| What to do |
Leave out all images and set down the records exactly as given.

(Material provided)

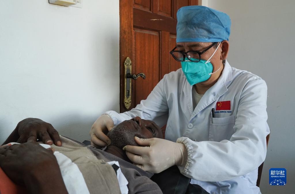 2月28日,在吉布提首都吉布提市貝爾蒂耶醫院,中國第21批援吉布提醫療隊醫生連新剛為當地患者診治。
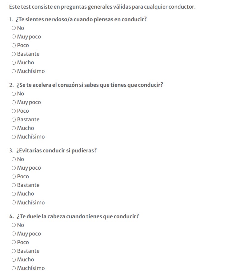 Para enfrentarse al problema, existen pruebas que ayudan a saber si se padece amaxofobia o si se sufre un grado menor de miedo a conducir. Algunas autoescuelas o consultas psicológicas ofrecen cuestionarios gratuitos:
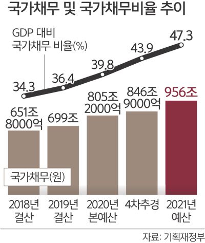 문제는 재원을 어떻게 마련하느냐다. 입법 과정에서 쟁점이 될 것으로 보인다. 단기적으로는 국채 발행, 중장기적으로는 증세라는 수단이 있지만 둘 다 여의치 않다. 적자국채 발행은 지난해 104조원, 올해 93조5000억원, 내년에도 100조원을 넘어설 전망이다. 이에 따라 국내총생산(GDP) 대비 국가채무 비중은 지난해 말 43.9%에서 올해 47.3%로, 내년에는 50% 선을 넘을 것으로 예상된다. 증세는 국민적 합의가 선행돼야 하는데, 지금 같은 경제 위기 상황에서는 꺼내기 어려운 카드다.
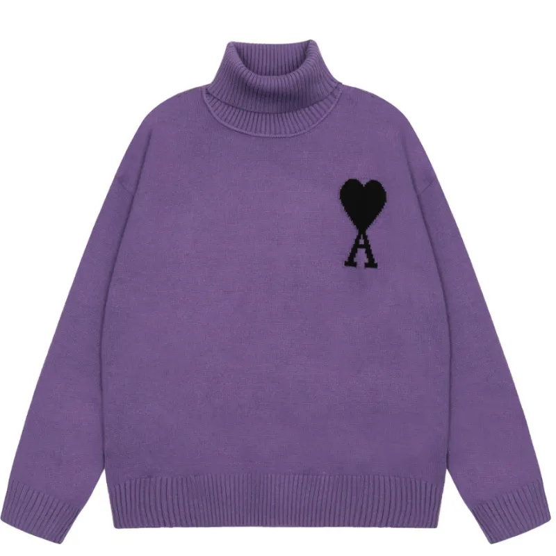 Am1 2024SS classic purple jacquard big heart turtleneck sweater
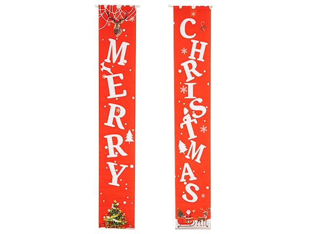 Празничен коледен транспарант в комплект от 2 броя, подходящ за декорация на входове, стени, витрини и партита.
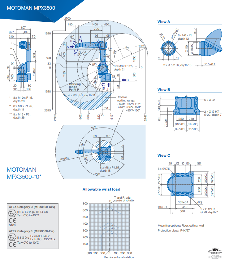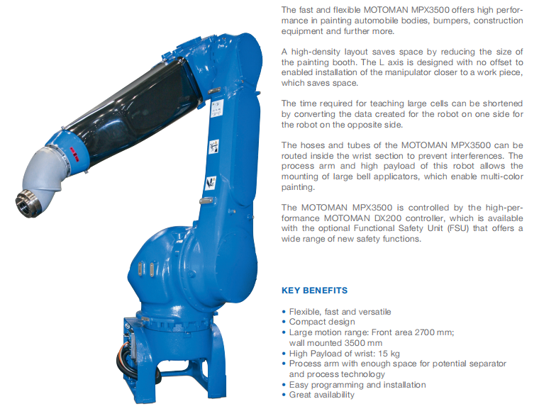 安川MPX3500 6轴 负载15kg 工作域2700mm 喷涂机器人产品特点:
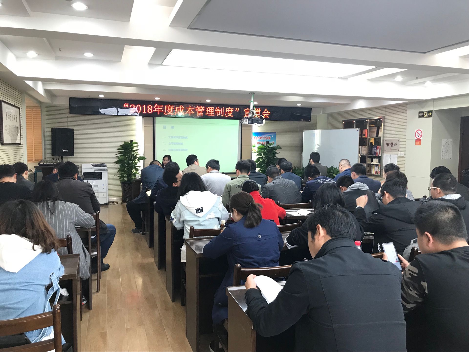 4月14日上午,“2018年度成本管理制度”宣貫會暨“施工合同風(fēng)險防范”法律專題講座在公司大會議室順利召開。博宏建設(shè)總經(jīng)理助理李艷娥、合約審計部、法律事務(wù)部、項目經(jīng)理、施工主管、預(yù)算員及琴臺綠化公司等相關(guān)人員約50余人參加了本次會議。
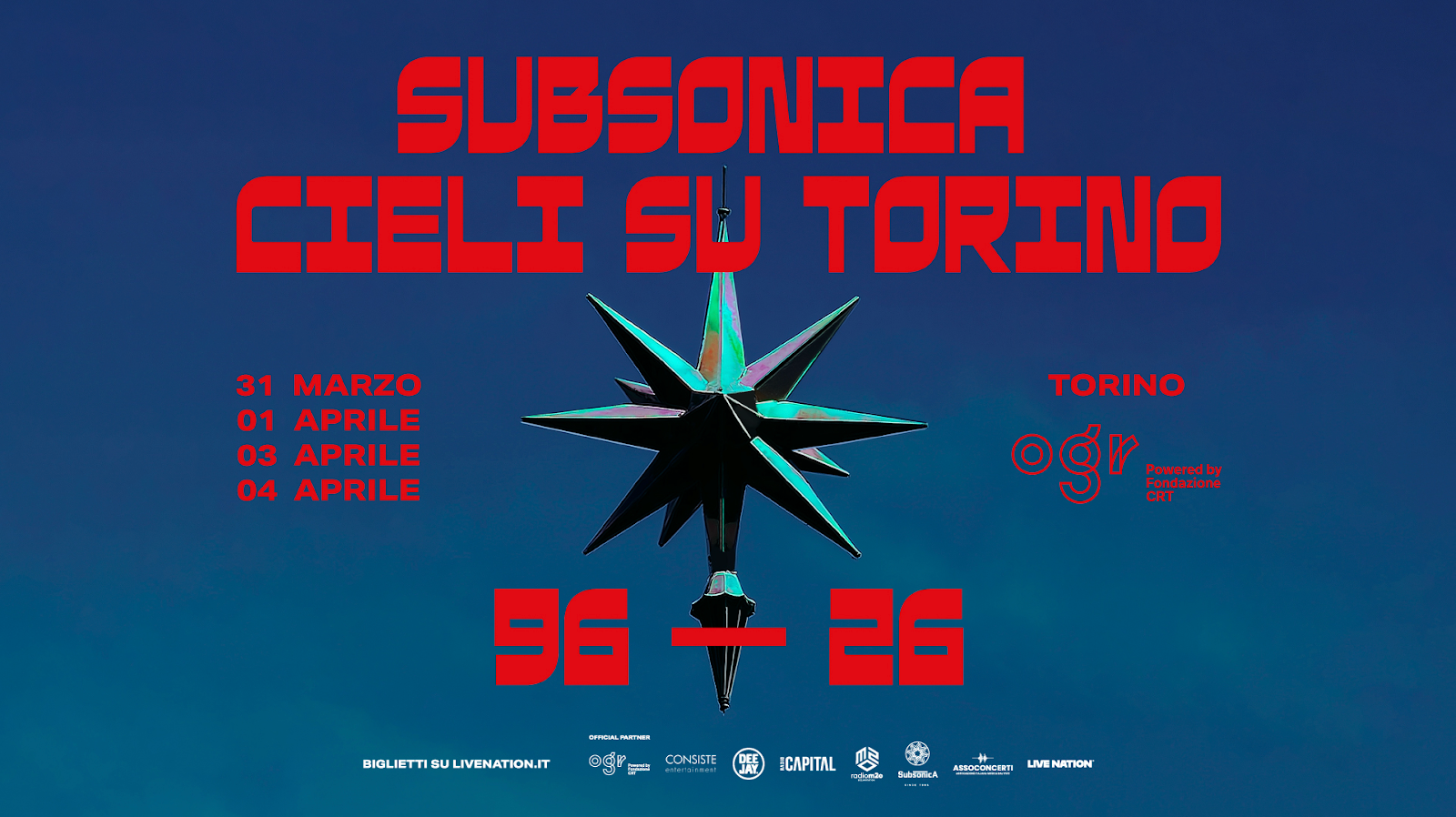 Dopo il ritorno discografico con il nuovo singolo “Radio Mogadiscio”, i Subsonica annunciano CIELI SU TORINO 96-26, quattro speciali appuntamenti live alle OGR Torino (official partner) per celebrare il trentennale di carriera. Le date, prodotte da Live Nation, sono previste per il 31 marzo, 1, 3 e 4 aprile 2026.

(End Material provided)

| Answer to this problem |
 2月28日,在吉布提首都吉布提市貝爾蒂耶醫院,中國第21批援吉布提醫療隊醫生連新剛為當地患者診治。
 Para enfrentarse al problema, existen pruebas que ayudan a saber si se padece amaxofobia o si se sufre un grado menor de miedo a conducir. Algunas autoescuelas o consultas psicológicas ofrecen cuestionarios gratuitos:
 문제는 재원을 어떻게 마련하느냐다. 입법 과정에서 쟁점이 될 것으로 보인다. 단기적으로는 국채 발행, 중장기적으로는 증세라는 수단이 있지만 둘 다 여의치 않다. 적자국채 발행은 지난해 104조원, 올해 93조5000억원, 내년에도 100조원을 넘어설 전망이다. 이에 따라 국내총생산(GDP) 대비 국가채무 비중은 지난해 말 43.9%에서 올해 47.3%로, 내년에는 50% 선을 넘을 것으로 예상된다. 증세는 국민적 합의가 선행돼야 하는데, 지금 같은 경제 위기 상황에서는 꺼내기 어려운 카드다.
 Am1 2024SS classic purple jacquard big heart turtleneck sweater
 Празничен коледен транспарант в комплект от 2 броя, подходящ за декорация на входове, стени, витрини и партита.
 安川MPX3500 6轴 负载15kg 工作域2700mm 喷涂机器人产品特点:
 4月14日上午,“2018年度成本管理制度”宣貫會暨“施工合同風(fēng)險防范”法律專題講座在公司大會議室順利召開。博宏建設(shè)總經(jīng)理助理李艷娥、合約審計部、法律事務(wù)部、項目經(jīng)理、施工主管、預(yù)算員及琴臺綠化公司等相關(guān)人員約50余人參加了本次會議。
 Dopo il ritorno discografico con il nuovo singolo “Radio Mogadiscio”, i Subsonica annunciano CIELI SU TORINO 96-26, quattro speciali appuntamenti live alle OGR Torino (official partner) per celebrare il trentennale di carriera. Le date, prodotte da Live Nation, sono previste per il 31 marzo, 1, 3 e 4 aprile 2026.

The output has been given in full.